At the same time, the anti-government protesters vow to have their “Bangkok shutdown” on January 13th, call for the government to resign immediately and “reform first, election later,” claiming that Thailand’s election is full of corruption, and as some of its leaders said, Thailand’s rural people are not ready for democracy.

Prachatai talks to Ichal Supriadi, the executive director of the Asian Network for Free Election (ANFREL), who has for over seven years observed elections in Asian countries, from Afghanistan to Papua, including the past three elections in Thailand, on elections and their implication for the country’s disrupted democracy.

Ichal Supriadi, Indonesian executive director of the Asian Network for Free Election (ANFREL)

The anti-government protesters in Thailand are calling for the election to be postponed and the country to be reformed first.  Have you seen a similar movement anywhere else in the countries you’ve observed?

It is worth reminding ourselves of the diversity of Asian countries with different languages, beliefs and ethnic, social, cultural, economic and political backgrounds. This may contribute to and shape different styles and models of democratization. However, in running international elections observation missions, we have been guided by human rights principles and public international law on free, fair and democratic elections. Before deciding on a mission, we normally conduct a preliminary assessment to see if the minimum indicators for free, fair and democratic elections exist. In an observation mission, ANFREL is guided by the Declaration of Principles for International Elections Observation, which were signed by many international organizations including the UN, EU, OAS and African Union. 

We recognize at least 3 basic indicators to shape a minimum standard of free, fair and democratic elections: 
1. Assurance of the three basic freedoms, of expression, assembly and association, among the contending parties, peoples and media
2. Comprehensive electoral law, giving the same level playing field and giving the same opportunity for everybody to contest. There are no exceptions.
3. An election commission body, which is perceivably neutral and professional.
So you can see, things like basic freedoms, laws, freedom of the press, and freedom of civil society and other things must at least meet minimum standards, and then we jump into a country. If not, or if one component does not exist, we may decide not to go.
So in Bangladesh (the 5 January 2013 election), ANFREL and other international observers are not going in, because they may have found that the minimum standards or requirements for a fair election are absent.

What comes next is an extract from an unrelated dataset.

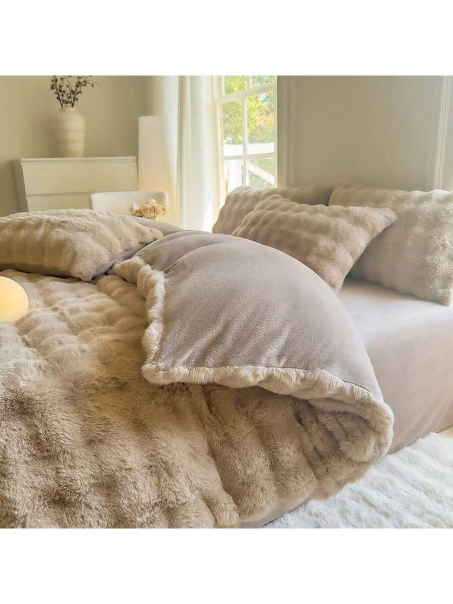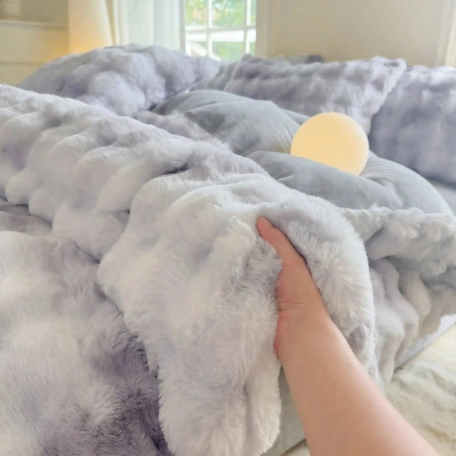Copripiumino imbottito e spesso Copripiumino in finta pelliccia di coniglio morbida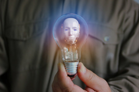 Concept illustration of the introduction of AI with the digital brain in a light bulb for AI against a person

The democrat party has boycotted this election. What do you think of the opposition’s demand to call for reform of elections first?
It is a decision of any group/parties to participate or disenfranchise themselves from the election process. The elections would be more competitive and meaningful with the full participation of all political groups in the country.
We appreciate the demand of the Democrats and other groups for reform and their campaign for the establishment of transparency, accountability and justice in the country, as this is the main achievement of the ideal democratic regime.
Despite vote buying charges that were made by many people and which make people believe that the election is not worth it, it is much better to start thinking about reprogramming people’s mind with quality democracy education, civic awareness or voter education. The people have watched different street protests in an attempt to forcefully dismantle the ruling government for the past few years, with boycotts and violence etc. Hopefully these circumstances could be corrected and the Thais could have a credible and accountable government. And reconciliation can be achieved.
What are the abnormal things from what you’ve observed in previous Thai elections? Should this be used as excuse to reform first then hold elections later?
Political reform and elections are interrelated; good elections can produce a good government, but it's not always the case, of course. ANFREL learnt there are most elections in the Asian region are imperfect. Problems vary from country to country.
The Thailand elections deserved compliments in terms of its administration. The Election Commission was able to administer them well. ANFREL published a report on the 2011 elections in two languages (Thai and English) concluding that in general, the elections went well. We also recognize administration problems during the advance votng arrangements. Cases of vote buying have been reported and well addressed by the EC by issuance of yellow and red cards.
Periodic elections give certainty in many aspects, where the rights of universal franchise can be assured and everybody's opinion could be counted. The reform option toward election is noble if it can be placed within a constitutional framework; otherwise somebody must answer questions like who will do it? What agenda can be agreed? Can legitimacy and delivery be assured?  What resistance is there from other contending parties/group?
Secondly, the previous election has delivered a mandate to the government. Don’t forget the people’s mandate. When you agree that every four years, a government will be elected, and then don’t forget that. When you find them bad, they’re corrupt, then punish them through two things: 1. through an independent judicial system; 2. in the next election, don’t vote for them.
In violent countries like in Afghanistan or Iraq, what’s the EC’s role in making the election happen?
It’s worth clarifying that Afghanistan is considered the first country in Asia to have elections. The seventh Afghan parliamentary election happened in 1949. But democracy was impeded because of the insurgency, foreign occupation and conflict among the tribes and armed factions that made Afghanistan vulnerable as it is now.
Firstly, an election is not new for Afghanistan. Secondly, ANFREL was first invited to observe the election in 2004. ANFREL was the only international monitoring organisation then. At first we considered not going, but then again they needed assistance and support from the international community to strengthen the election, to rebuild the system of democracy and to choose representatives and leaders through elections. More Afghans realised that there’s no other choice to elect a government except through free and fair elections, rather than through violence by killing each other. The game is changed from bullet to ballot.  But consider that a bullet is cheaper. If I don’t like you I can just assassinate you. Why do I have to compete in an election and have to spend money and time to campaign for the election? One bullet is only 100 baht.
But the culture of warlords, insurgency, and fighting has to change with democracy. That’s why we went there and showed solidarity. Now the people of Afghanistan believe only elections can generate a good government that can establish a good economy and political stability.
In many country elections were held under security concerns. In Timor Leste, during the 1999 referendum, even under the UN administration with serious security threats and conflict among the pro-independence and pro-autonomy movements, and despite many violent incidents, the election was held and it determined the new country of Timor Leste. How many people died? But there should be one legitimate thing.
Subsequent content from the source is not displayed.